1.         There is no waiver or modification of any of the provisions of the contract of sale unless there is a certificate in writing granted by the Controller of Housing for the waiver or modification as provided for in Reg 11(3) of the Housing Development (Control and Licensing) Regulations 1989 (“HDA Regulations”).

 

2.         Before granting such a certificate, the Controller of Housing under reg 11(3) of the HDA Regulations must be satisfied that owing to special circumstances or hardship or necessity, compliance with any of the provisions in the contract of sale under the HDA Regulations is impractical or unnecessary.

 

3.         In the event that the application is rejected and the developer is aggrieved by the decision of the Controller, the remedy is already provided for in reg 12 of HDA Regulations on appeal to the Minister.

 

4.         A developer that deviates from the HDA and the Regulations by modifying the standard statutory form of SPA in Schedule G without a certificate of the Controller approving the modification would be in breach of the HDA and the HDA Regulations. Certificate must be in writing expressly waiving or modifying specific provisions of Schedule G and nothing short of that would be a valid waiver or modification.

 

5.         A developer undertaking a housing development as defined under the HDA must have a license under s. 5 of the HDA and must comply with the HDA as well as the HDA Regulations.

 

6.         To allow the developer to say that it is not bound by the HDA would be to provide a convenient exit and escape from the mandatory provision stipulated under the HDA and that under the prescribed Form G.

 

7.         No provision in the HDA or the HDA Regulations declared the SPA not in compliance with Schedule G is null and void.

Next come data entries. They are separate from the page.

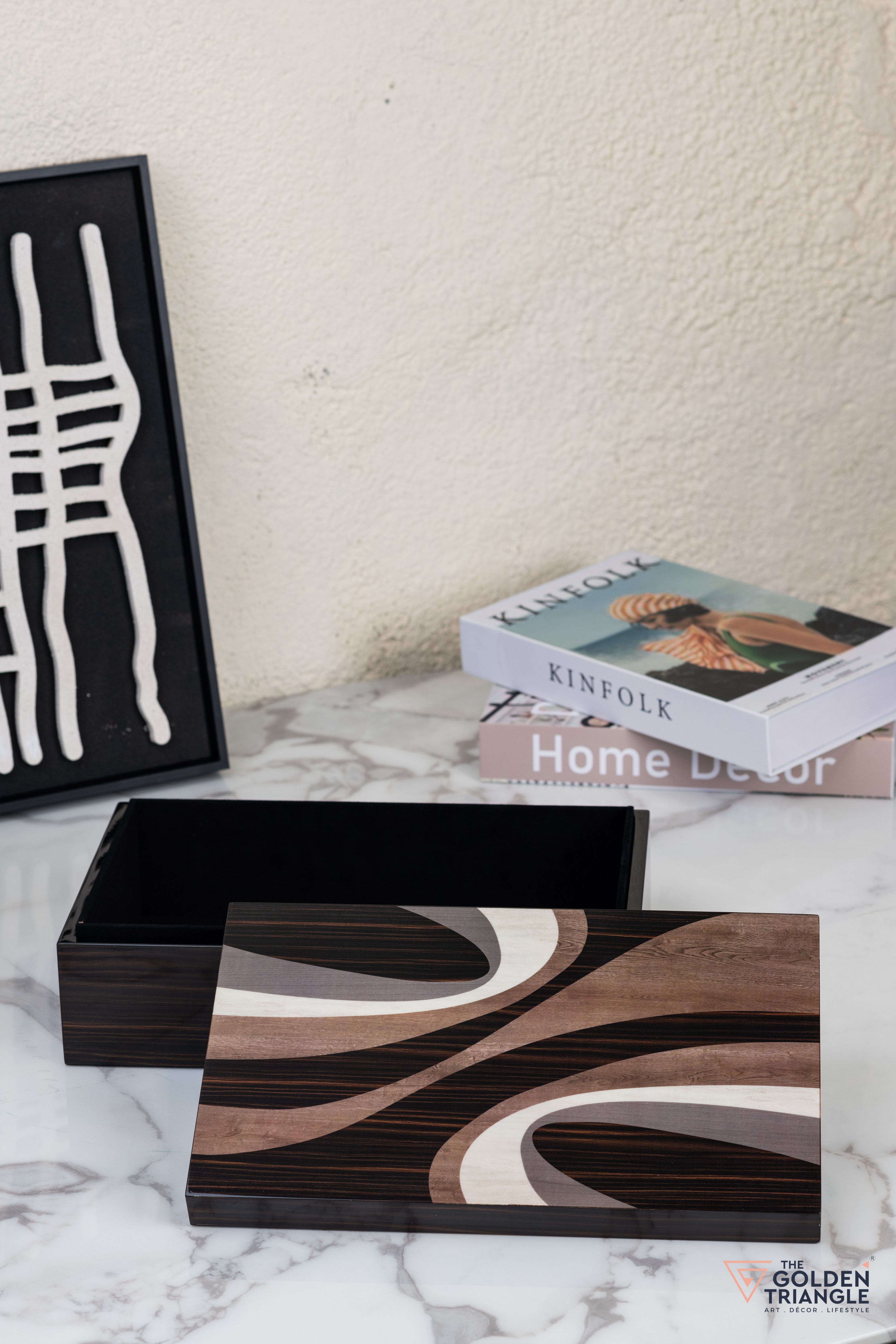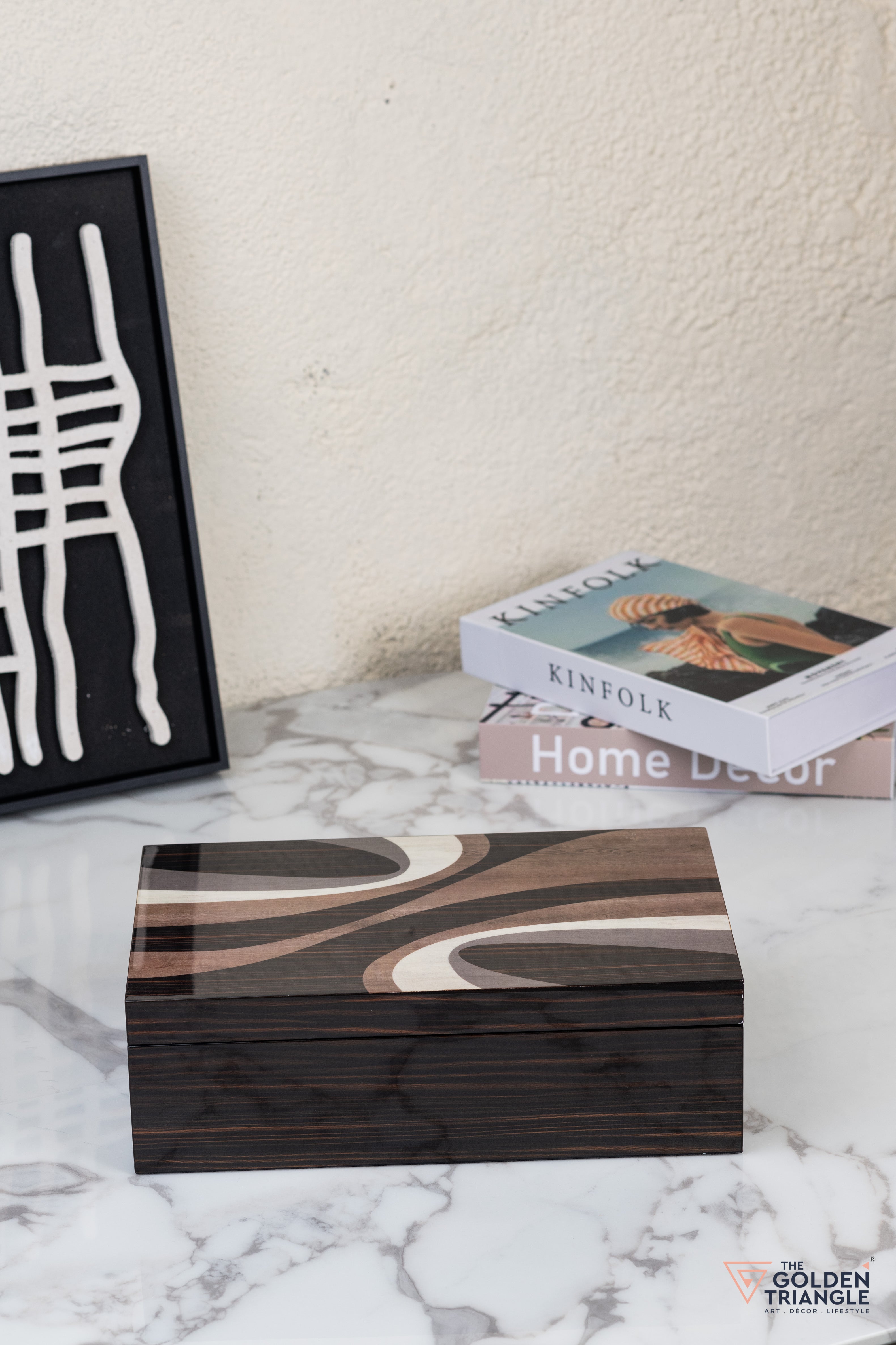 This stunning rectangle box, crafted from high-quality MDF and finished in a luxurious piano lacquer, adds a touch of sophistication to any space. Its intricate geometric pattern, featuring vibrant hues of beige, brown, and blue, creates a visually striking piece. Perfect for storing jewellry, keepsakes, or other small treasures, this versatile box is both functional and stylish. Add a touch of elegance to your living room, bedroom, or office with this exquisite home decor accessory.
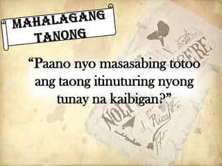 Characters of Noli Me Tangere Reported by. Noli Me Tangere Buod Kabanata 60. Siya ay sagisag ng mga Pilipinong nakapag-aral na.
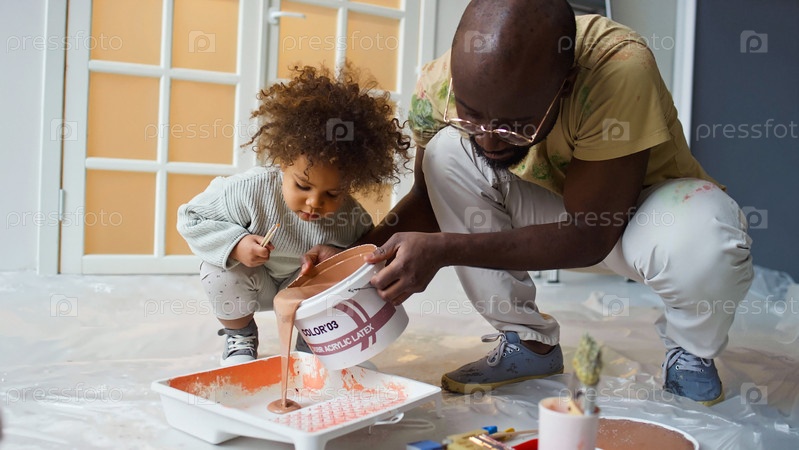 Отец-американец рисует со своим маленьким афроамериканским ребенком
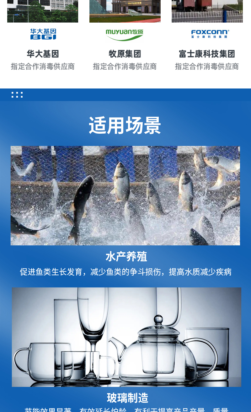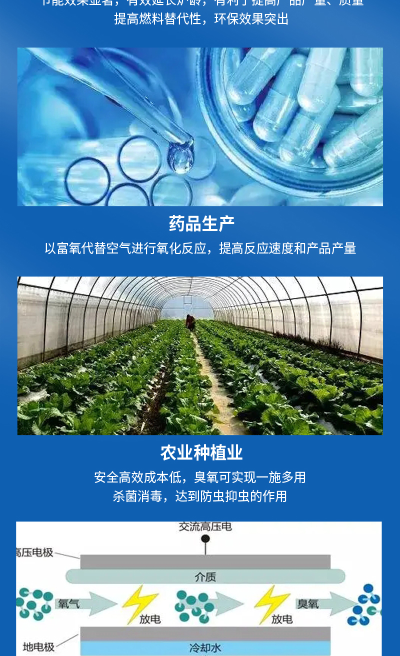 產(chǎn)品廣泛應(yīng)用于工業(yè)、農(nóng)業(yè)水產(chǎn)養(yǎng)殖,藥品生產(chǎn),水處理,玻璃制造和臭氧制取等
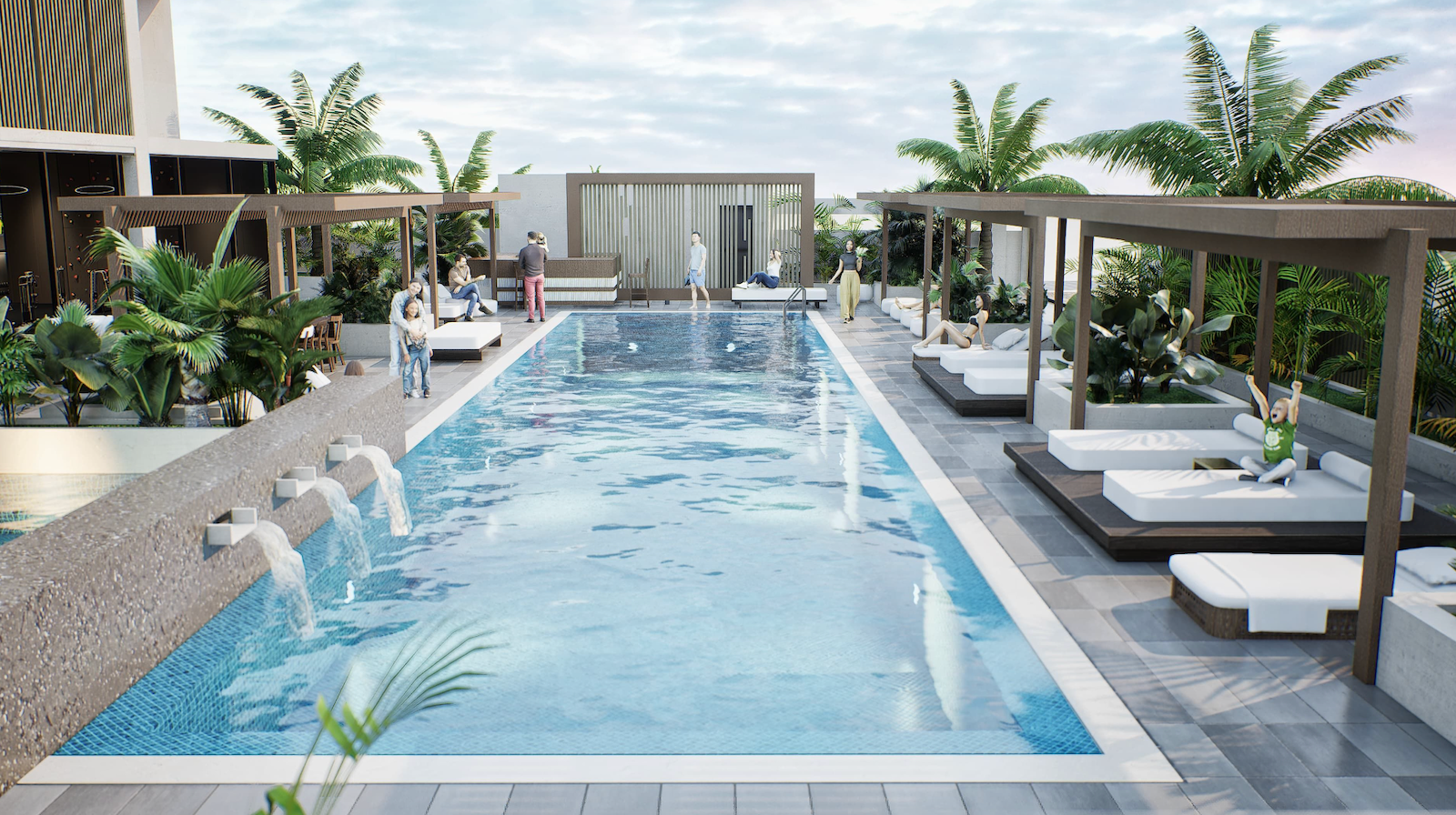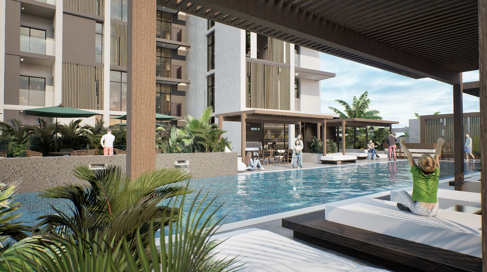 Complex infrastructure: large swimming pool, special children’s pool, fully equipped gym, open air lounge, grocery store and F&B store.
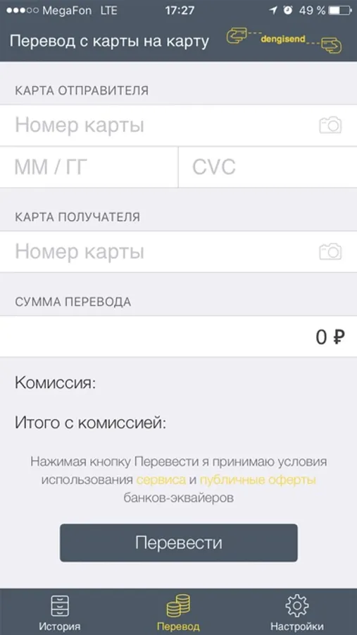 «DENGISEND» Перевод с карты на карту – это простое, удобное и безопасное мобильное приложение, которое без регистрации позволяет в режиме реального времени, в любом месте и в любое время, совершать переводы денежных средств между банковскими картами Mastercard, Maestro, Visa и МИР.
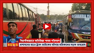 বিয়ানীবাজারে অতিরিক্ত পণ্য পরিবহনের দায়ে ট্রাক আটক, শ্রমিকদের সড়ক
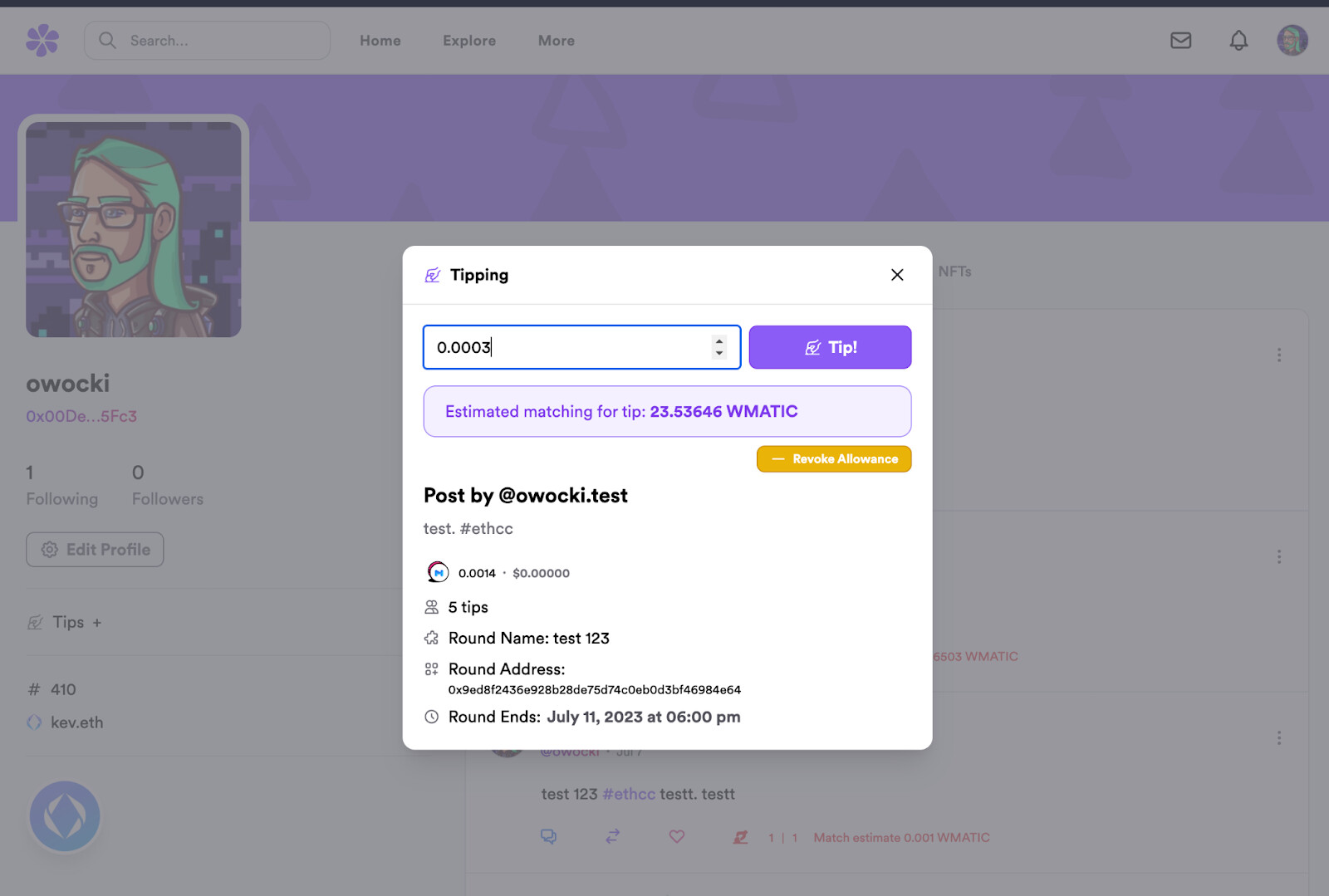 After contributions are made, users can see the accumulated tips and corresponding matching amounts on each post.
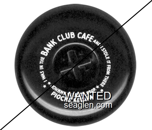 BCP-A1 Bank Club (Pioche) Pioche, NV 3 13/16" Black Plastic Ashtray White imprint: I Was In The Bank Club Cafe And I Stole It From There, Johnny Valente, Prop., Pioche, Nevada |
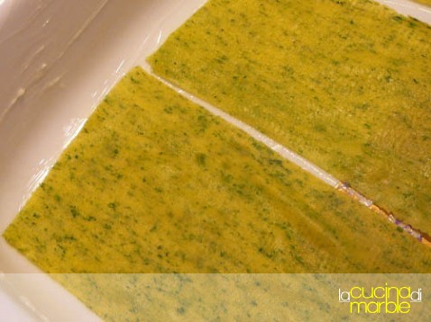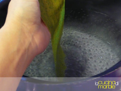lessare brevemente (dipende dallo spessore, massimo 3 minutini, non devono arrivare assolutamente a cottura ma perdere solo il crudo) le lasagne poche per volta in acqua bollente salata
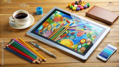 Digital illustration of a modern tablet computer with a stylus on a wooden desk, surrounded by creative scattered sketches and colorful art supplies.
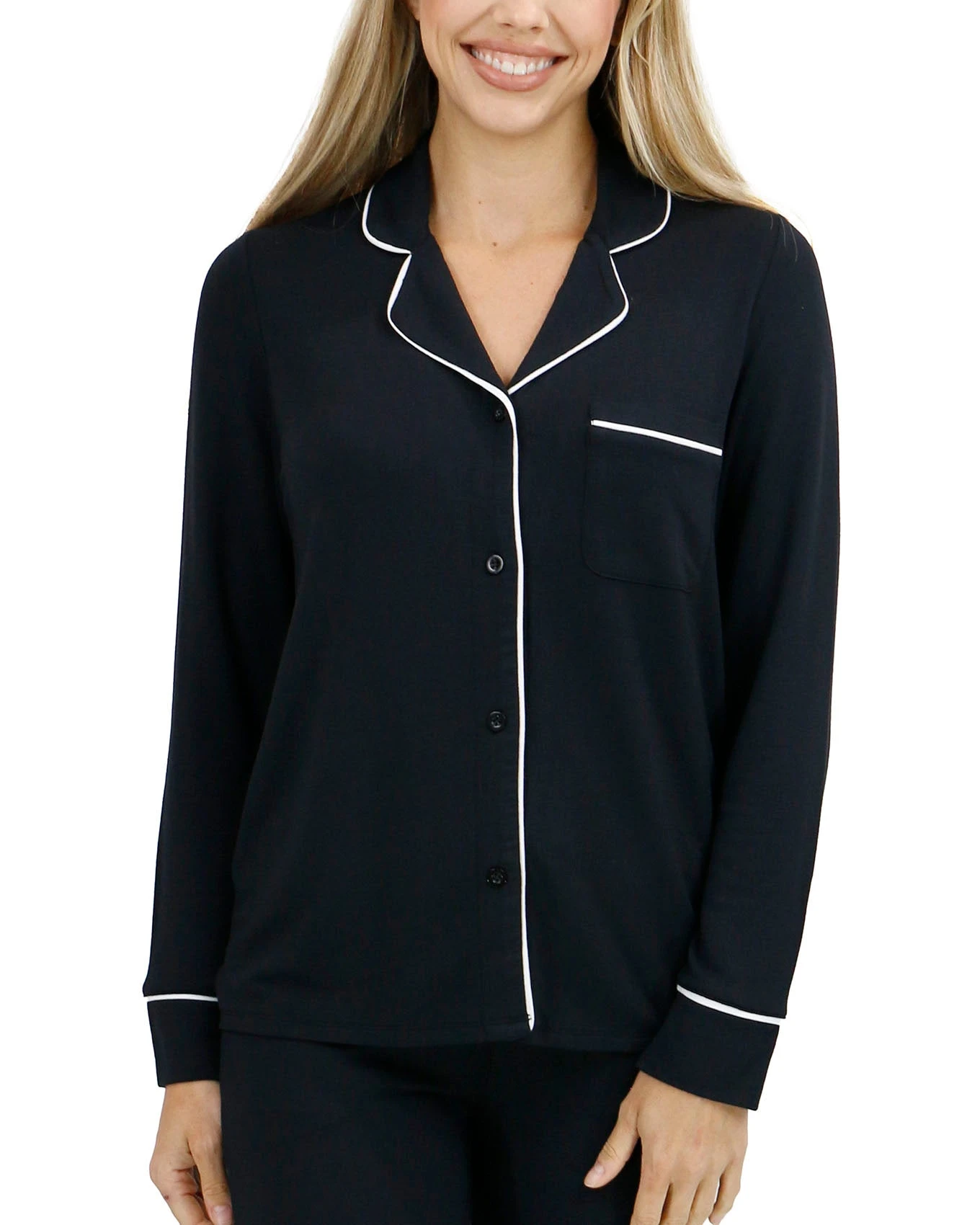 - Classic black long sleeved button up pajama top with white contrast trim
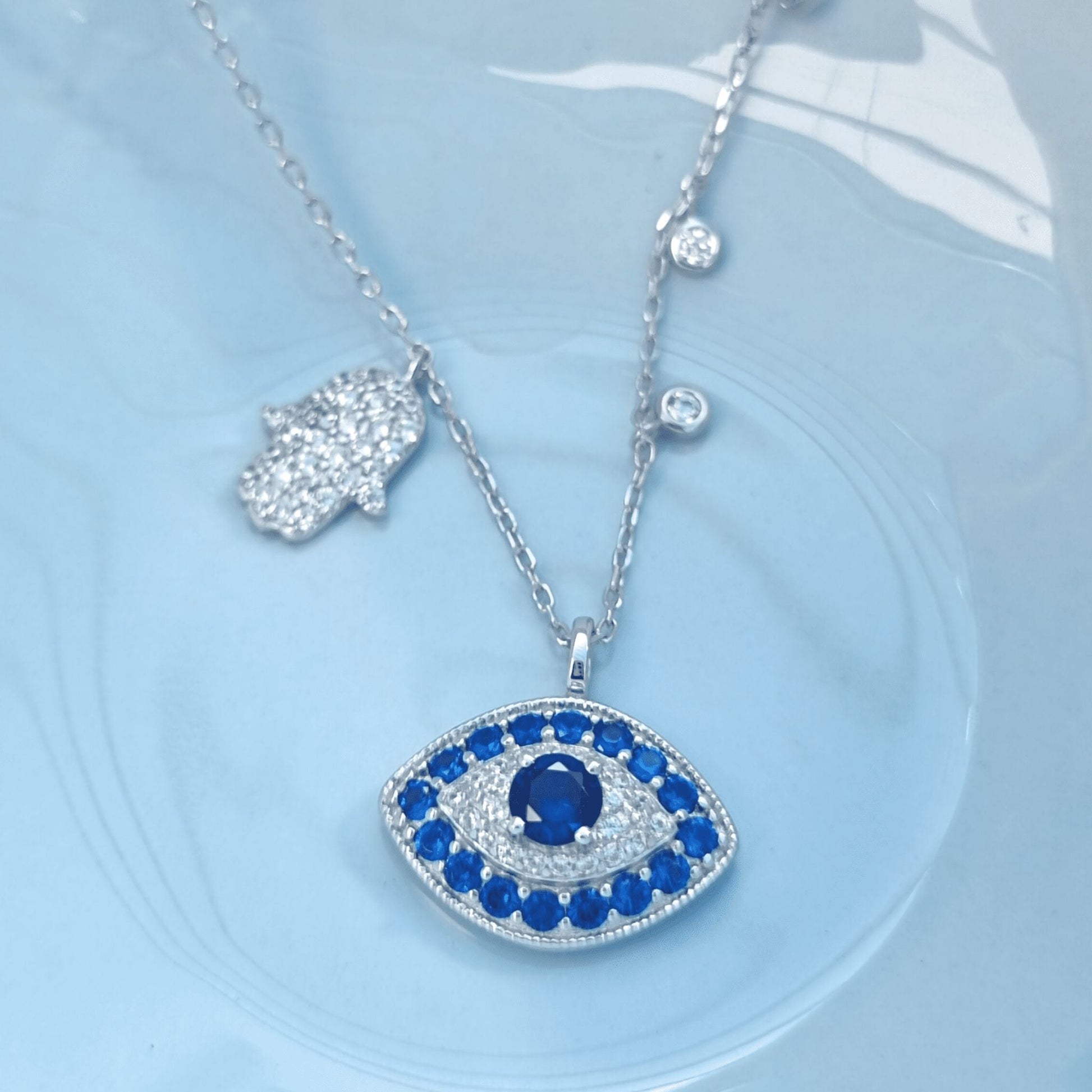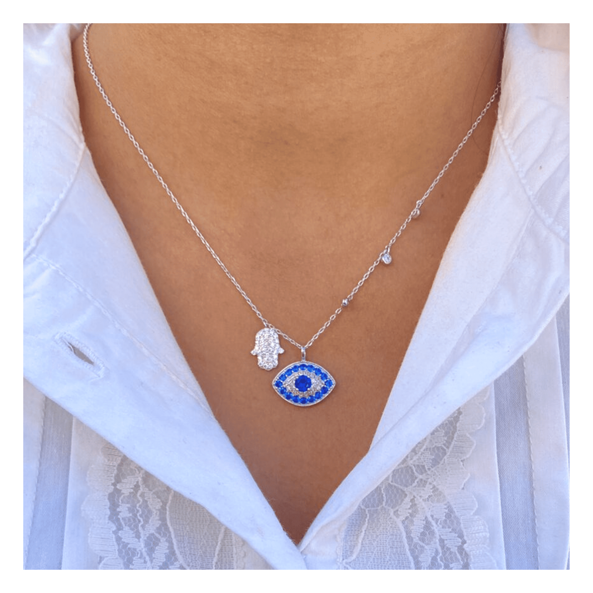 Silver Evil Eye With Hamsa Hand Charm Necklace
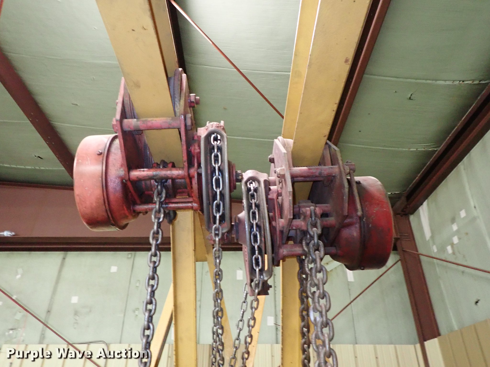 Purple Wave is selling a used Tools in Kansas. This item is a (2) A-frame hoists with the following: 10'W x 8'H, National hoists, One ton capacity

It is the relevant clauses in the unauthorised modification to the Schedule G SPA that would be null and void.

 

8.         Where a developer makes changes to Schedule G that are not approved by the Controller, the purchaser would have the right to enforce the SPA in Schedule G as prescribed as if unamended and unmodified.

9.  This is not a case of the court rewriting the contract of sale for the parties but rather one in which the developer had not followed the statutory form standard contract for the SPA and what the court would do is to allow the purchasers to enforce their rights as if Schedule G

had been followed to the letter.

Decision

1.         The fact that the purchasers had obtained a registration of the lease with no objection prior to the filing of their suit in the High Court does not bar or stop them from making a claim for specific performance based on what they should have obtained.

 

2.         The fact that the purchasers had seemingly agreed to take a lease instead of a transfer of the whole of the freehold title, does not affect their rights protected under the HDA and the HDA Regulations.

 

3.         Appeal was allowed and the order of the High Court was set aside.

 

4.         The Court of Appeal ordered that the houses and the land on which the houses were built must be transferred to and registered under the Purchasers’ names, as what was intended by the prescribed Schedule G SPA under the HDA

 

Key take away

1.         The rights of Purchaser in the sale of housing development are provided and protected under the HDA and the HDA Regulations.

 

2.         The HDA and the HDA Regulations were enacted as legislation designed to protect the innocent purchasers who have little or no bargaining power and who are often not aware of their legal rights under the law.

 

3.         In normal cases of contract, parties have freedom to make provisions between themselves. However, a housing developer does not enjoy such freedom and shall follow the statutory schedule provided under HDA Regulations unless certified by the Controller.

 

4.         Even in instances where a modified SPA had been signed by a purchaser, the Agreement may be enforced as if no modification was made.

 

5.         The compliance is clearly and manifestly mandatory. It cannot be optional to the developer or proprietor and the question of consent of the purchasers does not arise.

 

6.         Purchasers under Schedule G of the HDA shall have freehold ownership.